In just a year of its existence, it has become the nerve centre of all cultural activity and intellectual thought in Bangalore. In the last 365 days, there have been no less than 300 performances. Among its patrons are doyens of cinema and theatre such as Girish Karnad and M S Sathyu. And because of its vibrant, youthful, non-stuffy atmosphere, it has also drawn the young in droves. At any given point, Ranga Shankara is abuzz with the chatter of the young, and they are not just there to ‘hang out’. Hundreds of school and college students volunteer with RS (as it is fondly called). “What’s heartening is that they don’t dismiss theatre as ‘oh that boring, oh that intellectual jholawala stuff’,” mimics Arundhati. “Their energy goes a long way towards running Ranga Shankara.”
What it has also done is encourage good theatre in the city. Because the rental is so very affordable, the number of young theatre groups keen on innovation has grown in Bangalore. “Ranga Shankara has done a tremendous job of energising theatre in Bangalore. The city has always been keen on theatre, but it has provided the right spark, the space and the atmosphere,” says Sathyu, a member of the panel of experts at Ranga Shankara.
And how do the economics work out? No, she hasn’t got hold of a genie of the lamp. It’s cellular service company Hutch that is acting the fairy godmother. It’s they who pick up the tabs on losses incurred and will do so for another three years. “That’s why we don’t call them sponsors but partners,” says Arundhati. “Sponsors will put up their posters, have us announce their names and pack off. Hutch is there behind us all the way.”

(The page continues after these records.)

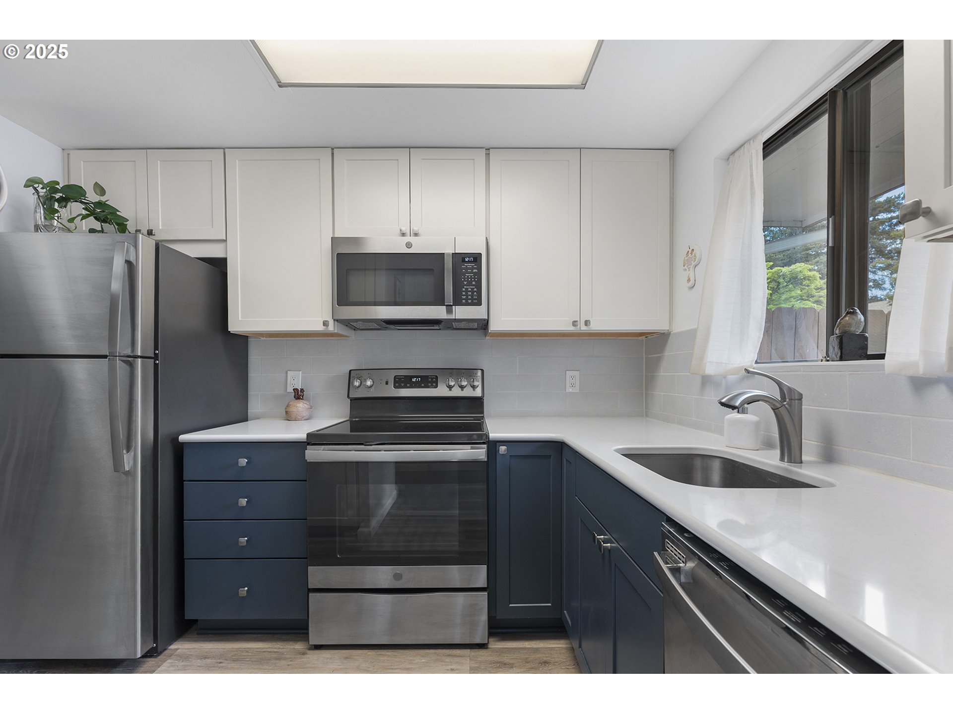 - Tucked into the heart of King City’s beloved 55+ Civic Association, this charming one-level condo at 11530 SW Majestic Ln #2 offers the perfect blend of comfort, convenience, and community—plus fun! With no stairs, no one above or below, and nearly 1,000 sq ft of beautifully updated space, this 2-bed, 1-bath gem is the ideal retreat for anyone ready to embrace the next exciting chapter of life. Discover gorgeous LVP flooring and a fully remodeled kitchen featuring soft-close cabinetry, Quartz countertops, a stylish tile backsplash, stainless steel appliances, and a generous pantry. A ductless mini-split in the living room and primary bedroom keeps things cool in summer and cozy in winter. The open floor plan flows easily to an oversized private patio and lush garden space—perfect for morning coffee, evening wine, or just soaking in the peaceful green space and gentle sounds of a nearby water feature. The lifestyle here....Unmatched. You’re just a Par 3 distance from the clubhouse, where you'll find the outdoor pool, library, pro shop, and more. There's always something happening, whether it’s golf, cards, crafts, fitness classes, or social gatherings. And when you're not busy enjoying it all, you can relax knowing the HOA has it covered—sewer, water, cable, internet, exterior maintenance, landscaping, and full access to all amenities are all included. Just minutes to shopping, restaurants, and highway access, this condo combines serene living with unbeatable accessibility. Whether you’re downsizing, simplifying, or just ready to play more than mow, this is the perfect place to call home. Welcome to easy, active, joyful living in King City—your new adventure begins here!
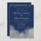 An elegant navy blue and silver wedding invitation featuring silver confetti dust at the top and blingy silver accent at the bottom.
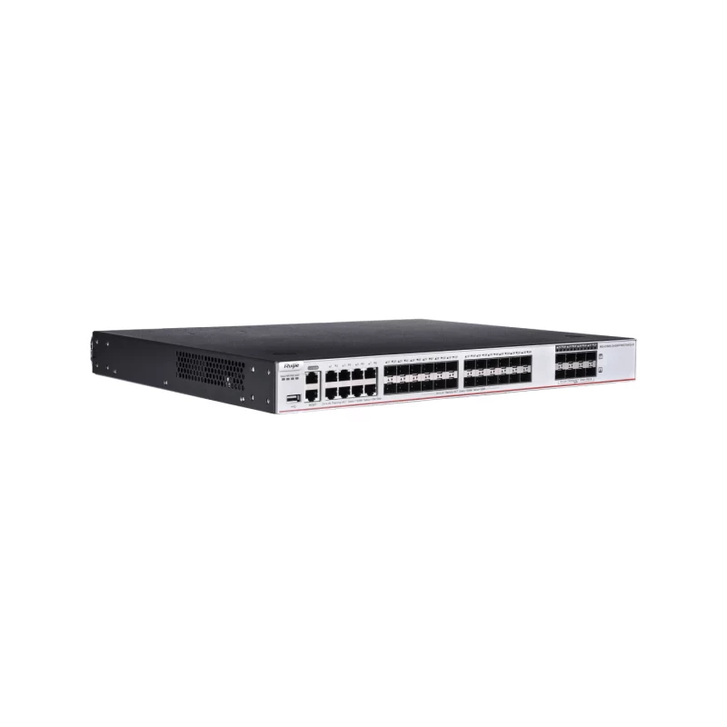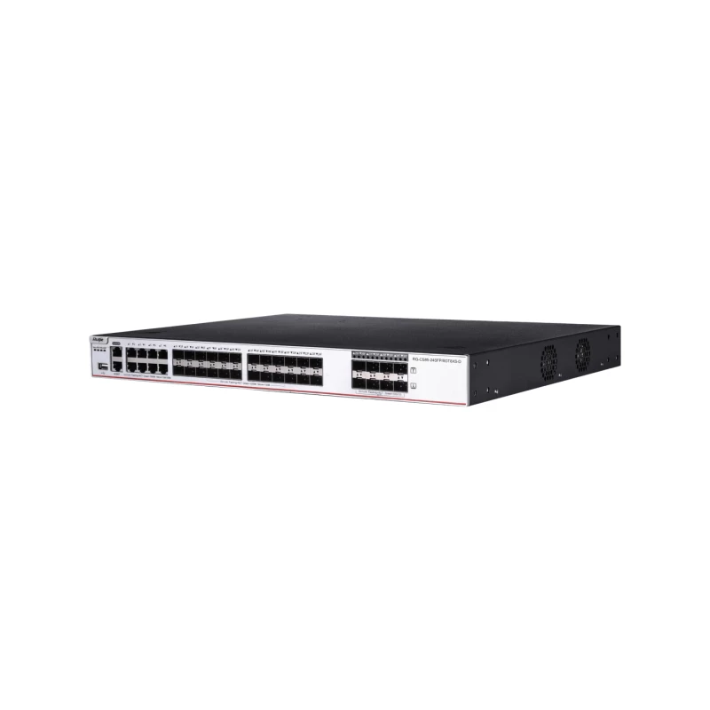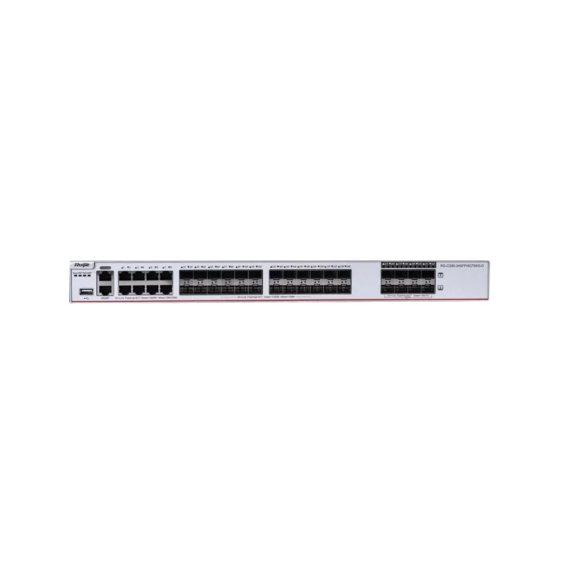 Ruijie Networks RG-CS85-24SFP/8GT8XS-D. Tipo de interruptor: Gestionado, Capa del interruptor: L3. Puertos tipo básico de conmutación RJ-45 Ethernet: Gigabit Ethernet (10/100/1000), Cantidad de puertos básicos de conmutación RJ-45 Ethernet: 24. Tabla de direcciones MAC: 64000 entradas, Capacidad de conmutación: 688 Gbit/s. Estándares de red: IEEE 802.3ah, IEEE 802.1p, IEEE 802.3ad. Montaje en rack, Factor de forma: 1U

She bemoans the fact that with so many software giants operating in and around the city, none have stepped forward to offer the kind of help that Hutch has and that Ranga Shankara needs. “They do a lot of charitable work, one of their main areas of interest being primary education, but somehow theatre and other cultural activities have never figured in their priorities. What they don’t see is that there can be no education without culture. Do we really want a nation full of educated but uncultured young people? That’s something they need to ask themselves,” says the impassioned actress, who admits she hasn’t had much time to act in the last one year, the only important role she played being that of the protagonist in the Kannada version of Girish Karnad’s latest play, A Heap of Broken Images, and a role in a hit Kannada film called Jogi.

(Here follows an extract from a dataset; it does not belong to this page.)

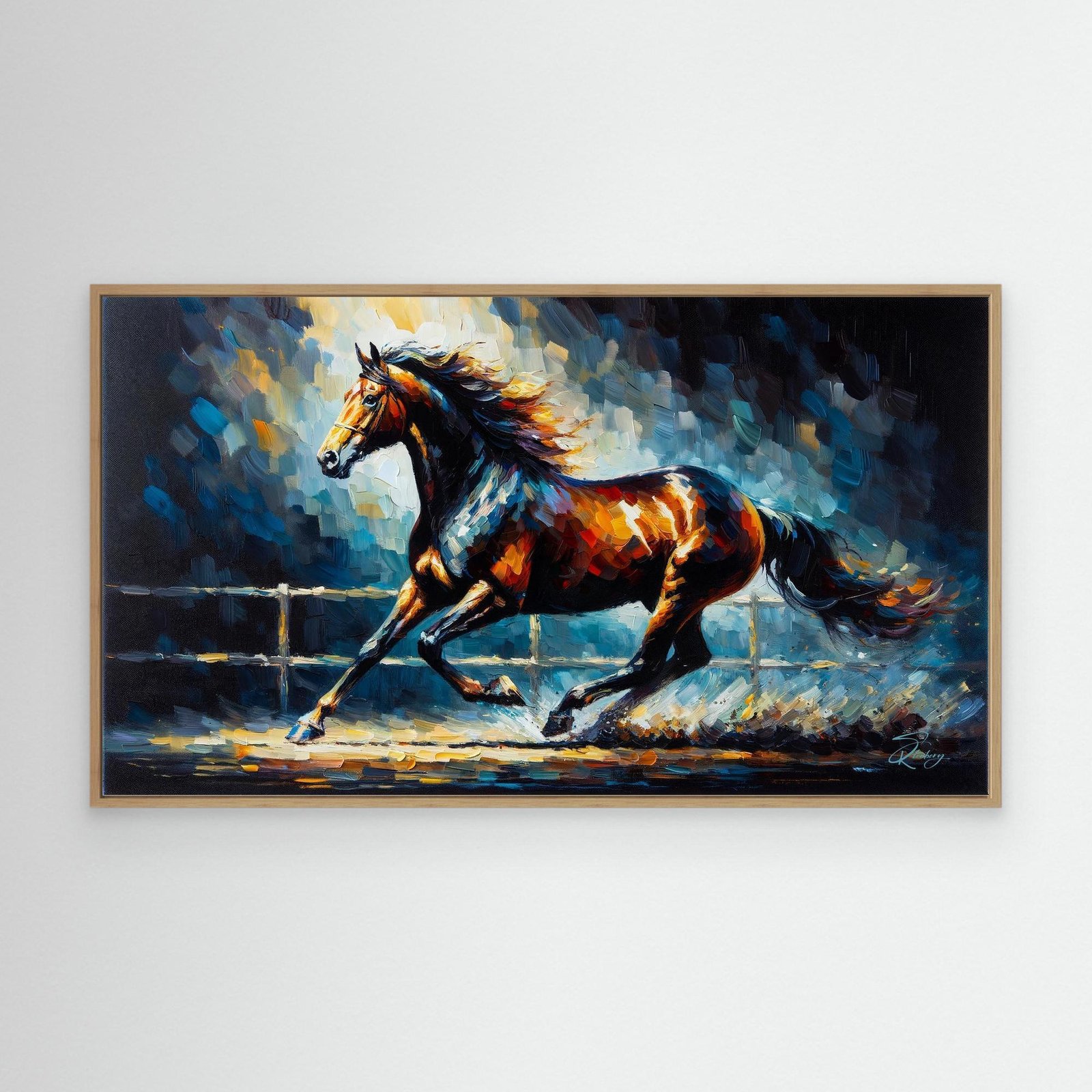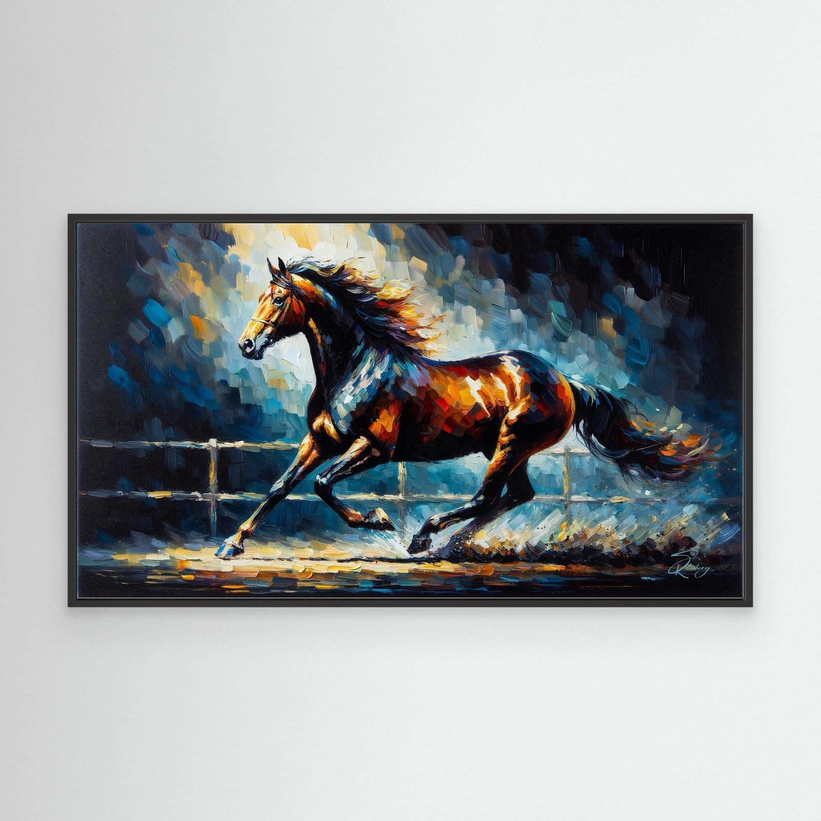 The dynamic play of light and shadow in fiery reds, golden highlights, and deep blues adds drama and intensity, making it a true statement piece for any space. Perfect for equestrian enthusiasts, modern art collectors, or anyone looking to add a touch of vitality and sophistication to their interior décor.

Her obsession for Ranga Shankara is something she views in the light of a payback. “You have to settle your scores. I find it completely unjustifiable that young people join theatre, take so much from it, get all their training from it and then go earn their money in cinema and television. I agree, there is very little money in theatre, but there has to be some form of return some time,” she asserts.
Meanwhile, all hell is breaking loose a floor below us. Fielding panic calls from her daughter Kavya who is sitting at a printer’s office getting posters printed, Arundhati rushes out into the bedlam that rages around her, but which she can’t do without anymore.